== What the exercise asks ==
Retype each line of the material exactly, please, skipping any picture in it.

[Supplied data — start]

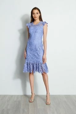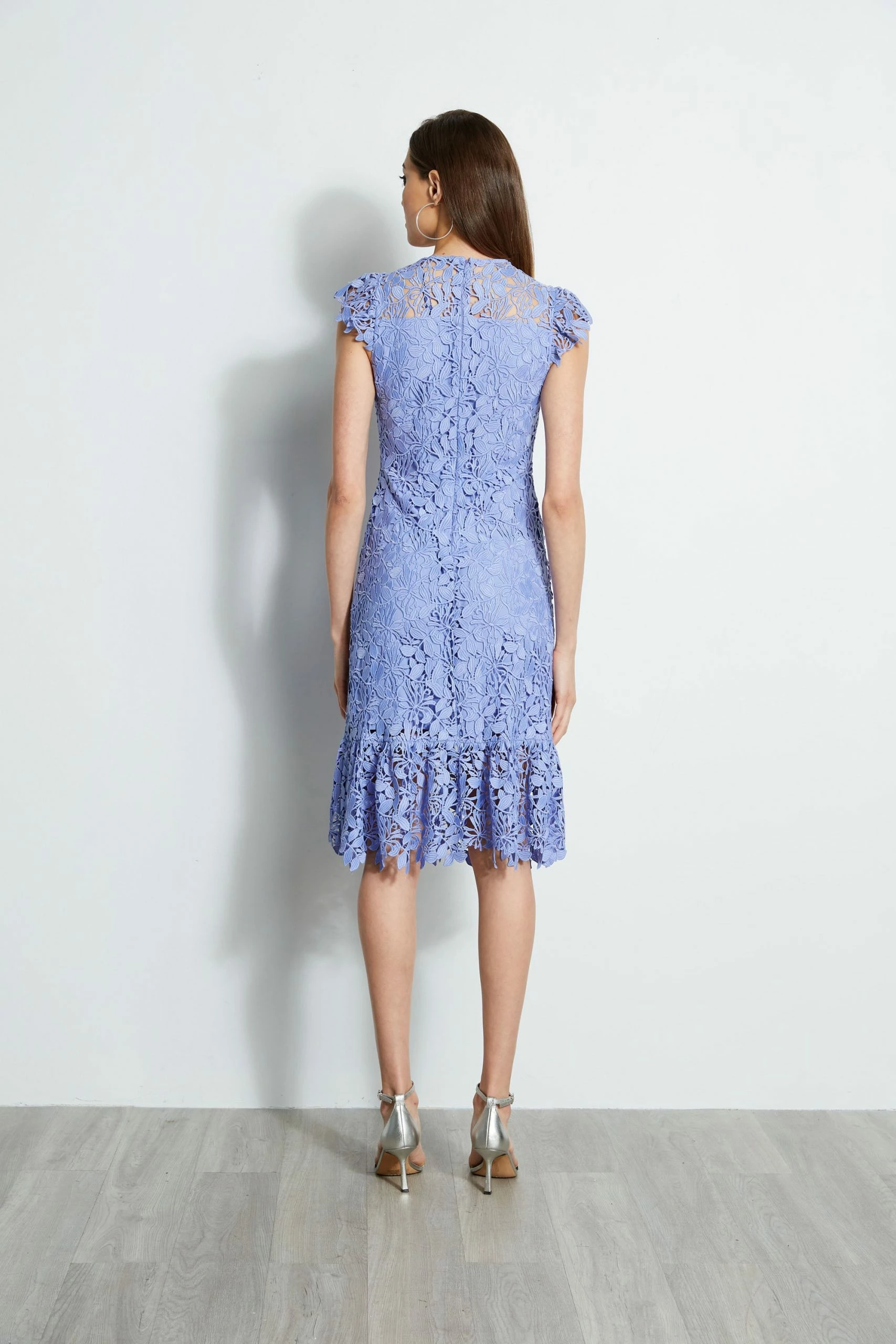 We chose a chic corded Lace in a delicate floral leaf design for our Cocktail Dress. The Satin lining and flounced hem add dimension to this sophisticated Lace Midi Dress.
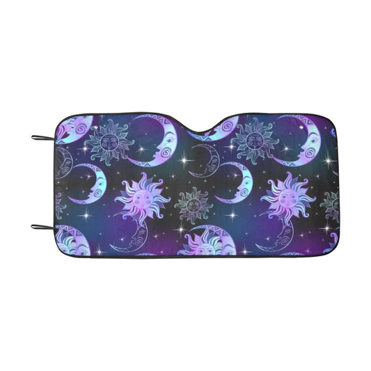 Moon Stars Windshield Sun Shade, Boho Bohemian Galaxy Purple Car Accessories Auto Cover Protector Window Visor Screen Decor 55" x 29.53"
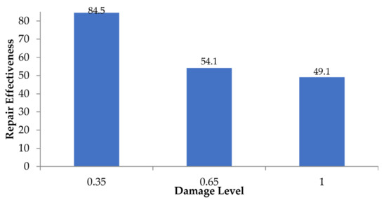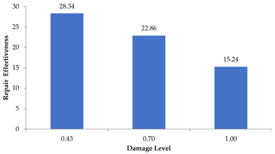 The effectiveness of the CFRP repair system for different pre-repair damage levels and flexural beams designed according to ρmax are presented here. The stiffness recovery based on the static data is calculated based on the ratio of the increased capacity of the repaired sections to the ultimate capacity of the unrepaired sections. Figure 25 shows the repair effectiveness based on the static data and corresponding to the damage levels of beams B112m, B113m, and B114m. The results show that fixing the CFRP sheets as a flexural repair system for flexural beams with ρmax is effective regardless of the pre-repair damage level. The increase in the load capacity depends on the pre-repair damage level. For a damage level of 43%, close to the design load limit, the repair with CFRP sheets increases the ultimate capacity by 29%. For a pre-repair damage level of 100%, the increase in the load capacity is limited to 15.3%.
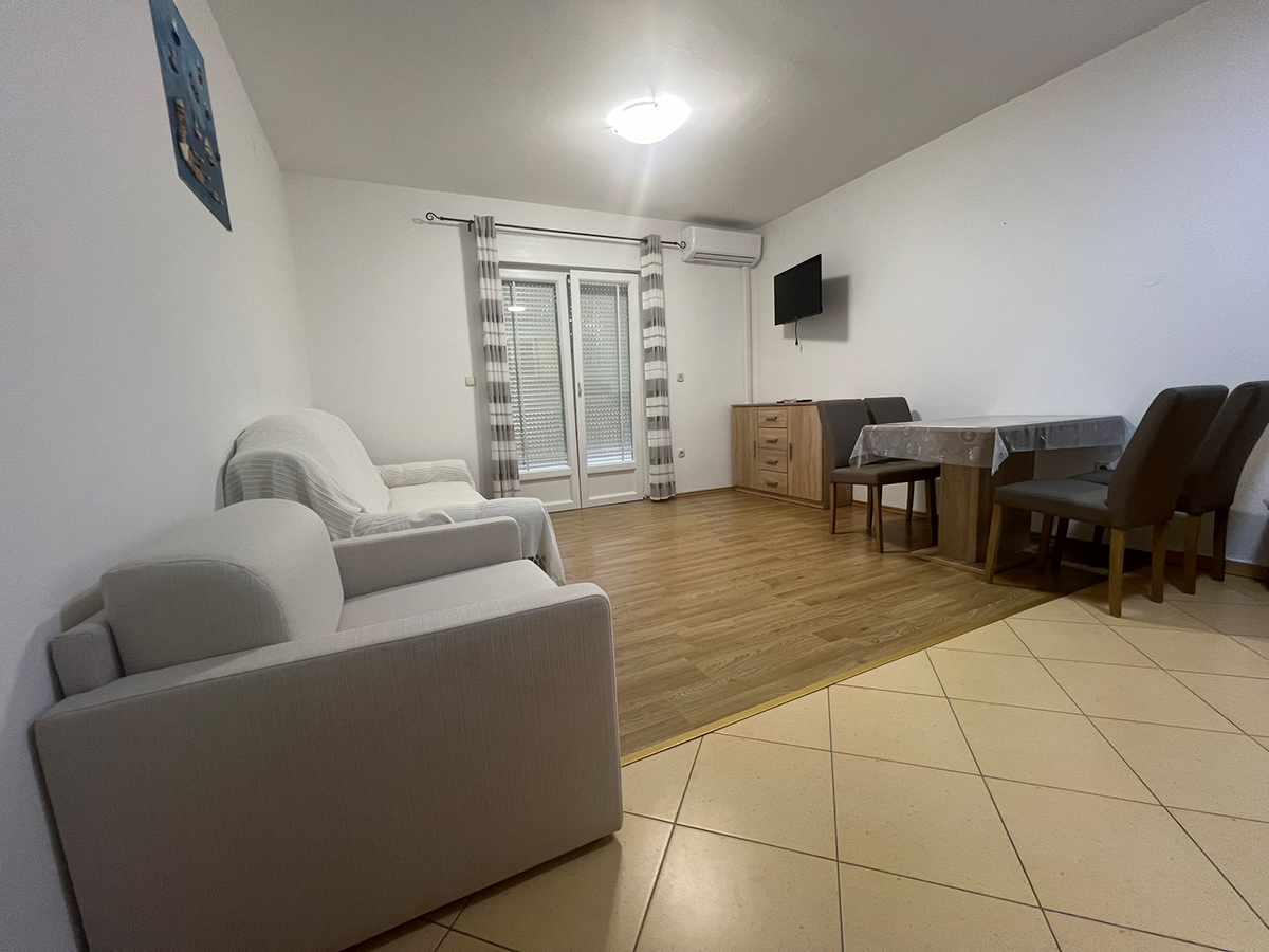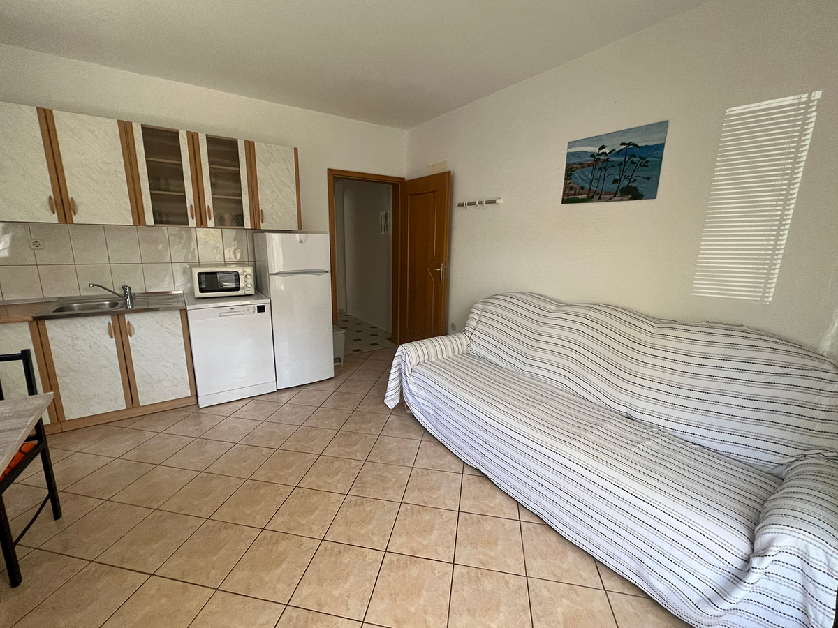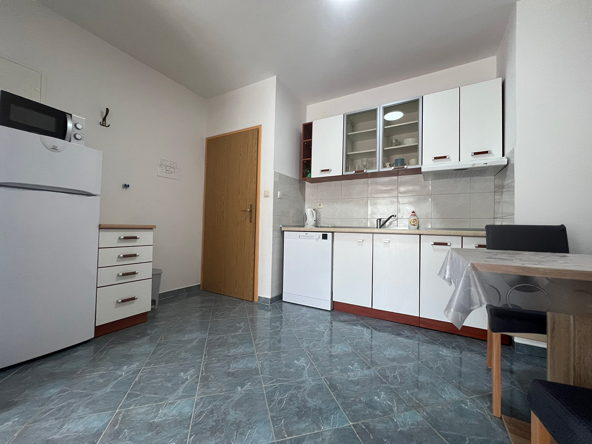 Obiteljski apartmanApartman se nalazi u prizemlju kuće i ima balkon sa pogledom na more. U apartmanu se nalazi jedna soba za dvije osobe, kupaonica i potpuno opremljena kuhinja sa dnevnim boravkom (štednjak, hladnjak, mikrovalna pećnica, kuhalo za vodu, aparat za filter kavu i ostalo). Apartman je klimatiziran, ima satelitsku televiziju i besplatan wifi za bezbrižno uživanje u godišnjem odmoru!

[Supplied data — finish]

== Exercise answer ==
 We chose a chic corded Lace in a delicate floral leaf design for our Cocktail Dress. The Satin lining and flounced hem add dimension to this sophisticated Lace Midi Dress.
 Moon Stars Windshield Sun Shade, Boho Bohemian Galaxy Purple Car Accessories Auto Cover Protector Window Visor Screen Decor 55" x 29.53"
 The effectiveness of the CFRP repair system for different pre-repair damage levels and flexural beams designed according to ρmax are presented here. The stiffness recovery based on the static data is calculated based on the ratio of the increased capacity of the repaired sections to the ultimate capacity of the unrepaired sections. Figure 25 shows the repair effectiveness based on the static data and corresponding to the damage levels of beams B112m, B113m, and B114m. The results show that fixing the CFRP sheets as a flexural repair system for flexural beams with ρmax is effective regardless of the pre-repair damage level. The increase in the load capacity depends on the pre-repair damage level. For a damage level of 43%, close to the design load limit, the repair with CFRP sheets increases the ultimate capacity by 29%. For a pre-repair damage level of 100%, the increase in the load capacity is limited to 15.3%.
 Obiteljski apartmanApartman se nalazi u prizemlju kuće i ima balkon sa pogledom na more. U apartmanu se nalazi jedna soba za dvije osobe, kupaonica i potpuno opremljena kuhinja sa dnevnim boravkom (štednjak, hladnjak, mikrovalna pećnica, kuhalo za vodu, aparat za filter kavu i ostalo). Apartman je klimatiziran, ima satelitsku televiziju i besplatan wifi za bezbrižno uživanje u godišnjem odmoru!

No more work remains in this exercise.